Full sequence log likelihood calculation:

iglm_evaluate data/antibodies/1jpt/1jpt.fasta :H --chain_token [HEAVY] --species_token [HUMAN]

Infilled sequence log likelihood calculation:

iglm_evaluate data/antibodies/1jpt/1jpt.fasta :H --start 98 --end 106 --chain_token [HEAVY] --species_token [HUMAN]

Package usage

IgLM may also be used as a Python package, enabling the above use cases and more flexible usage.

Re-design spans of an antibody sequence

To use IgLM to re-design spans of an antibody sequence, supply the fasta file, the fasta record ID corresponding to the sequence to design, the start index of the span (0-indexed), and the end index of the span (0-indexed, exclusive).

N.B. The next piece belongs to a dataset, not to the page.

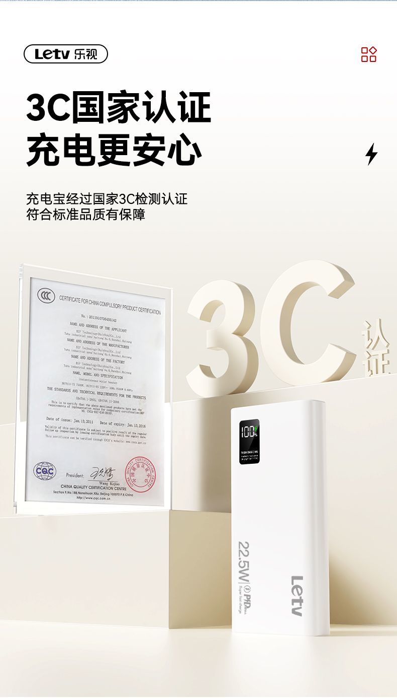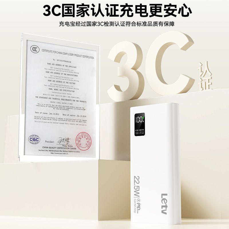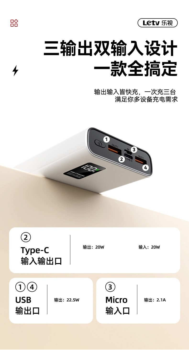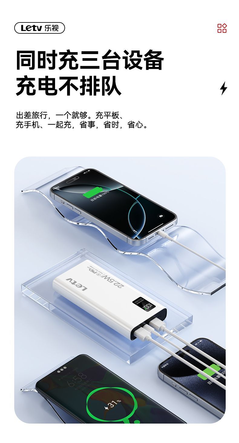 乐视大容量充电宝20000毫安22.5超级快充手机通用便携移动电源

To generate 100 unique sequences of the anti-tissue factor antibody (1JPT) heavy chain with an IgLM-designed CDR3:

from iglm import IgLM

iglm = IgLM()

parent_sequence = "EVQLVESGGGLVQPGGSLRLSCAASGFNIKEYYMHWVRQAPGKGLEWVGLIDPEQGNTIYDPKFQDRATISADNSKNTAYLQMNSLRAEDTAVYYCARDTAAYFDYWGQGTLVTVS"
chain_token = "[HEAVY]"
species_token = "[HUMAN]"
infill_range = (98, 106)
num_seqs = 100

generated_seqs = iglm.infill(
    parent_sequence,
    chain_token,
    species_token,
    infill_range=infill_range,
    num_to_generate=num_seqs,
)

Full antibody sequence generation

IgLM can be used to generate full antibody sequences while conditioning on the chain type and species-of-origin. See Appendix A.5 for starting tokens and sampling temperatures used for the results in the paper.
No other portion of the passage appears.